IMF ise bir uluslar-üstü örgüt şeklinde kurulmuş ve dünyada finans hareketlerinin düzenlenmesini amaçlamıştır. IMF’in kuruluşunda birçok ülkenin kurucu üyeliği söz konusudur. Bu ülkeler IMF’e belirli miktarlarda katılımda bulunmuş ve bu fonun kaynakları oluşturulmuştur. Bu kaynaklar ile finansal krize düşebilecek ülkelere kaynak aktarımında bulunma, fonun amacı olmaktadır. Fon ile kredi anlaşması yapan herhangi bir ülke, fonun koşullarına uymak durumundadır. Böyle bir durumda ise devletin fonun denetimi altında olduğunu ifade etmek gerekmektedir. Bu fonun kuruluş amacı iktisadi olmakla birlikte, siyasi bir kimliği söz konusudur. Bu noktada ise fonun uluslar-üstü bir kuruluş olduğunu, ve ilişkili olduğu devletler üzerinde sürekli kontrolün olduğunu belirtmek gerekir. Fon, herhangi bir devlete bağlı olarak kurulmamıştır. Herhangi bir devletin çıkarlarının korunmasını amaçlamamıştır. Bu fonun kuruluş amacı globaldir ve tüm dünyayı ilgilendiren iktisadi hedefler doğrultusunda hareket etmektedir. Sonuç olarak, IMF ve Duyun-u Umumiye’nin kuruluş amaçlarının, örgüt yapılarının farklı olduğunu belirtmek mümkündür.

 

SONUÇ

Osmanlı İmparatorluğu tarih sahnesinde kaldığı yüzyıllar boyunca çeşitli ekonomik ve siyasi politikalar uygulamıştır. Bazı dönemlerde bu politikalardan başarılı sonuçlar alınmakla birlikte, özellikle imparatorluğun son dönemlerinde uygulanan politikaların başarılı olduğunu söylemek mümkün değildir. Çalışma itibariyle özellikle son dönem politikaların analizi yapılmakla birlikte, bu sürece getiren uygulamaların başlangıcı daha önceki dönemlere rastlamaktadır. Dış borçlanma da temelleri çalışmada incelenen dönemden çok daha eski bir iktisadi süreçtir. Ancak, Osmanlı İmparatorluğu’nu dış borçlanma sürecine getiren nedenler ve buna ilave olarak yanlış dış borçlanma süreci iktisadi ve mali krizleri bir çığ gibi arttırmış ve İmparatorluğu Duyun’u Umumiye İdaresi ile yüzyüze bırakmıştır. Bu idare mali yönden imparatorluğa bazı önemli faydalar sağlamakla birlikte, birçok soruna da neden olmuştur. Bu sorunların en önemlisi teorik olarak siyasi amaçla kurulmamakla birlikte, bu idarenin siyasi bir çerçeveye bürünmesidir. Bu şekilde bazı devletler imparatorluk içinde siyasi etkinliğini arttırabilmiş ve kendi çıkarları doğrultusunda kararlar alınmasına etken olmuşlardır. Etkinliğini gittikçe arttıran bu idare Osmanlı Maliye Nezareti ve hatta ondan daha fazla mali alana yayılmış ve mali kaynak elde edebilmiştir. Ancak, elde ettiği bu mali kaynakları kuruluş sözleşmesindeki hükümlere aykırı bir şekilde bağlantılı olduğu devletlerin direktifleri konusunda kullanabilmiştir. Böyle bir durum ise Osmanlı İmparatorluğu gibi mali anlamda yetersiz kaynağa sahip bir devlet için oldukça önemli sorunlar doğurabilmiş ve bazı devletlerin politikalarını kabul etmesine etken olmuştur.
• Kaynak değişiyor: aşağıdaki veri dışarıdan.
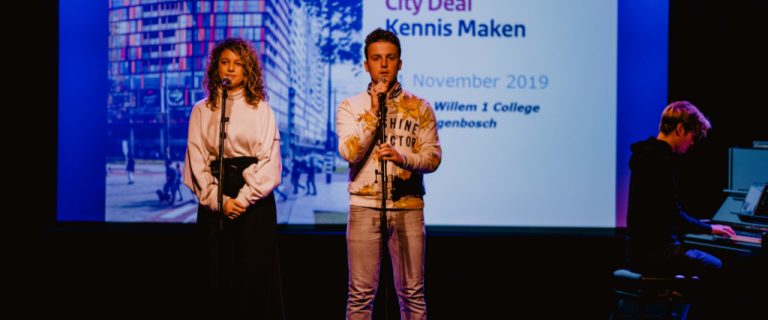 In een goedgevulde theaterzaal van het Koning Willem I College in Den Bosch trapte de vierde kennisdelingsdag van de City Deal Kennis Maken af met een muzikaal optreden van twee studenten. Een kleine 200 deelnemers van gemeenten, kennisinstellingen en andere partners waren naar Den Bosch afgereisd om ervaringen uit te wisselen en kennis te delen met elkaar.

Türkiye Cumhuriyeti ise borçlanma konusunda uzun bir dönem bilinçli hareket etmeye çalışmış ancak, yönetim ve mali alanda yaşanan birçok yanlış uygulamalar ile borçlanma konusunda açmazlara girmiştir. Borçlanma ciddi bir konu olmakla birlikte, borçlanma ile elde edilen kaynaklar bilinçsiz bir şekilde kullanılarak israf edilmiştir. Borçların vadeleri geldiğinde ise tekrar borçlanarak bir ödeme uygulamasına gidilmek durumunda kalınmıştır. Böyle bir refinansman uygulamasının ise nihai olarak ülkeyi bir kısır döngü içine sokacağı kesindir. Bu nedenledir ki ülkemiz ciddi iktisadi krizler ile karşı karşıya kalmış ve bu krizlerin topluma faturası ağır olmuştur. İşte bu noktada Türkiye ve IMF ilişkilerinin boyutu büyük önem arz etmektedir. IMF ile bugüne kadar birçok anlaşma yapılmış, hükümet programları ile uygun düşmeyebilen birçok taahhütler bu kuruma verilmiştir. İktidardaki partilerin programları ve siyasi mantelitesi ile paralel olmayabilecek bazı koşullar ülkemizde uygulamaya konulmuştur. İlişkili olduğu tüm ülkelerle aynı koşulları ülkemize de sunmakla birlikte, bazı konularda yönetim ile farklı düşünebilmektedirler. Bu durumda ise koşullu krediler olmasından dolayı, bu koşulların yerine getirilmesi halinde kredilerin kullandırılabileceğini ifade etmektedirler. Aslında sorun yaratabilecek konulardan  biri ise bu koşulların içeriğidir. IMF koşulların ciddi sosyal sorunlar yarattığı konusunda IMF programları ciddi biçimde eleştirilmektedir. Bazı dönem iktidar partileri IMF programlarındaki koşullar konusunda ciddi eleştiriler getirmekle birlikte, IMF kredilerine olan gereksinim sonucu bu kurum ile paralel hareket etme durumunda kalmışlardır. Böyle bir durum ise yönetim kademesi için siyasi karar alabilme yetisinin sınırlandırılması gibi ciddi bir sonucu ortaya çıkarmaktadır.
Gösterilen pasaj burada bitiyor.